France's Golden Generation Faces Expectations in North America
France arrive in North America with history on their shoulders and a target on their backs. World champions in 2018, finalists again in 2022 – that kind of pedigree doesn’t just command respect, it breeds expectation. Anything short of another charge deep into the tournament will feel like a failure.
Look at the front of this team and you see why the bookmakers are nervous. Kylian Mbappe remains the headline act, the captain, the No.10, the face of the era. Around him, though, Deschamps has assembled an attacking cast that would make most national coaches envious.
Michael Olise, fresh from a breakout season at Bayern Munich, arrives in the United States as the man most likely to share – or even steal – the spotlight. Desire Doue and Ousmane Dembele, pillars of Luis Enrique’s vibrant Paris Saint-Germain side, add yet more speed, invention and chaos to an already loaded forward line. Measured against the world’s elite, no national team can quite match France for sheer attacking depth and variety. They can hurt you in every way, from every angle, at any moment.
The questions start at the other end of the pitch. France’s defence has wobbled too often for comfort, and the fitness of William Saliba hangs over the camp like a storm cloud. When the back line has creaked, it has done so in ways that will encourage the continent’s best. This is not the iron curtain of old; it is a unit still searching for certainty.
Then there is the dressing room, always volatile, always a story in itself. Keeping harmony in a squad loaded with egos, ambitions and emerging stars has never been straightforward for any France coach. The talent is undeniable, the chemistry less so. If Deschamps can keep the group aligned and the noise outside the camp, France will be brutally hard to stop. If old fractures reappear, the journey could end abruptly.

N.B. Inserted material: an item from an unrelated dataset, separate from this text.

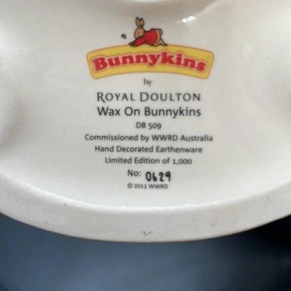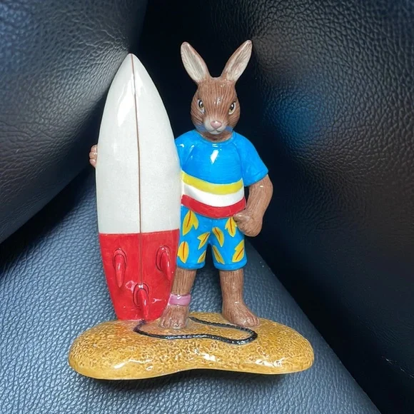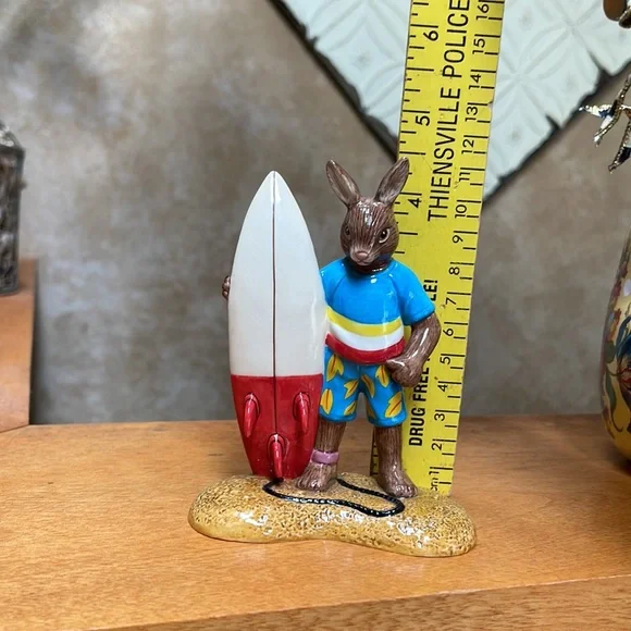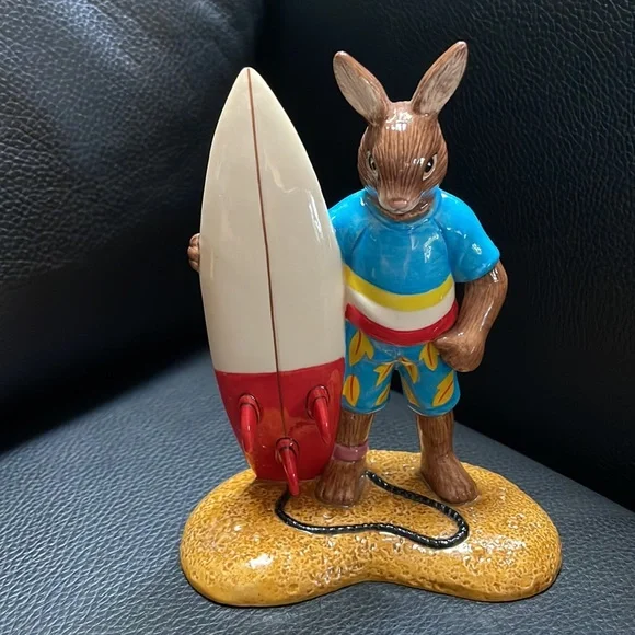 ©️2013 WWRD, commissioned by WWRD Australia, DB 508. Hand decorated Earthenware. Limited Edition of 1,000, this one is No. 0629. Wonderful preowned condition. Love this Aussie bunny’s “hang 10” fearless expression as he readies to brave the wave!

For Deschamps, this is the final chapter. Appointed in 2012 to rebuild a side that looked spent after Laurent Blanc’s tenure, he has done more than restore order; he has redefined an era. Under his watch, Les Bleus lifted the World Cup in Russia in 2018, dismantling Croatia in the final, and added the UEFA Nations League in 2021 with a win over Spain in Milan. They reached the Euro 2016 final on home soil, only to be stunned by Eder’s extra-time strike for Portugal, and then pushed Argentina to penalties in a breathless 2022 World Cup final that will live long in the game’s memory.
His contract expires in July. It will not be renewed. After almost 15 years in charge, this is his last dance with France. Every decision, every selection, every substitution in North America will be viewed through that lens: the end of an era, written in real time.
Amid all of that, the eye is naturally drawn to Mbappe. Yet the player who could tilt the tournament is Olise. At Bayern, he has grown from promising wide man into a fully fledged attacking force. For the second straight Bundesliga season, he hit double figures for both goals and assists, and his Champions League numbers belonged in the company of Europe’s best.
One night in Bergamo underlined his evolution. Bayern shredded Atalanta 6-1, and Olise ran the show – two goals, one assist, and a performance that crackled with authority. It wasn’t just the output, it was the control, the constant threat, the sense that every attack flowed through him. That same cutting edge carried into France’s final warm-up match, where his hat-trick against Northern Ireland confirmed a player operating at a frightening level of confidence and consistency.
At 24, this feels like a hinge in his career. Dominate here, and he doesn’t just become France’s most valuable player; he becomes one of the defining figures of the tournament.
Behind the headliners, another 24-year-old waits for his moment. Maghnes Akliouche, a product of Monaco’s famed academy, has forced his way into the conversation with a season that turned potential into production. Deschamps gave him his first senior call-up during qualifying, and Akliouche responded instantly: a goal against Azerbaijan, an assist against Iceland, the kind of immediate impact that sticks in a manager’s mind.
His club numbers back it up. Seven goals and twelve assists across Ligue 1 and the Champions League last season marked a genuine breakthrough. Operating primarily as a right-sided attacking midfielder in a 4-2-3-1, he can also slide inside and dictate as a central playmaker. He is not the slight, jinking winger of cliché; he brings physical presence to go with sharp technique, a blend that modern football increasingly prizes.
He will not start often, at least not at the outset. But tournaments are rarely won by the first XI alone. They are decided by the players who come off the bench and change the rhythm of a game, who can unlock a packed defence or punish a tiring back line. Akliouche looks built for that role – a weapon Deschamps can unleash when the clock is ticking and the breakthrough won’t come.
France arrive with a glittering attack, a vulnerable defence, a combustible dressing room and a coach on his farewell tour. It is a mix that promises drama. The only real unknown is whether this golden generation signs off Deschamps’ reign with one last trophy, or leaves North America wondering how a team this gifted let the chance slip away.